Положительно, день рождения барона в этом году был самым удачным.
Ровно через восемь месяцев после только что рассказанного барон фон-дер-Гац ходил взволнованный по полутемному залу своего замка и прислушивался к отдаленному шуму голосов, доносившемуся до его ушей сквозь запертые двери.
Граф Боржевский и предводитель дворянства ФрондиГарди тихо переговаривались, сидя в углу на мягком диване и раскуривая сигары.
Граф Боржевский казался несколько взволнованным — это заметно было по бледности его лица и невольному вздрагиванию руки, держащей сигару; предводитель, напротив, хранил полное спокойствие.

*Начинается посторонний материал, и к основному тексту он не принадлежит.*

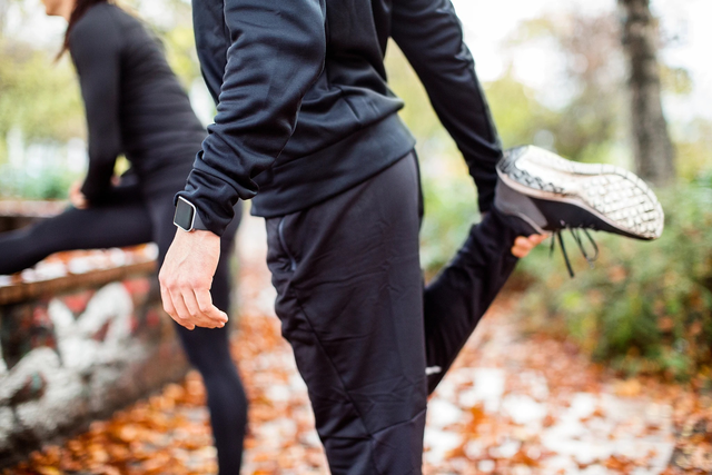 秋冬季早晚温差较大,运动前检查保暖衣物、运动配件、鞋子及运动器材是否正常,户外运动时要注意衣物轻软宽松,不宜过紧。热身后,身体微微出汗,再脱去一些厚衣服。

— Я знаю, — раскачивая закинутой ногой, говорил граф, — прекурьезный случай. В Италии не так давно одна женщина, будучи беременна, часто ходила в храм, где изображен был ад с хвостатым чертом на первом плане. Женщина всегда смотрела на это изображение, — и что же вы думаете? У нее родился ребенок, точь-в-точь похожий на написанного черта. Ç'est épatant! [1]
Предводитель дворянства флегматично жевал сигару и молчал. Хитрые глазенки его бегали, посмеиваясь, по лицу графа и точно говорили: «Знаем мы, куда ты гнешь, милый мой, только на мякине старого воробья не проведешь».
Барон фон-дер-Гац продолжал мерить туда и обратно обширную залу, почти не замечая в волнении своем присутствующих.
В старом Гацдорфском замке сохранился давнишний обычай выносить новорожденного к отцу и гостям сейчас же по его омовении, не подпуская мужа к роженице.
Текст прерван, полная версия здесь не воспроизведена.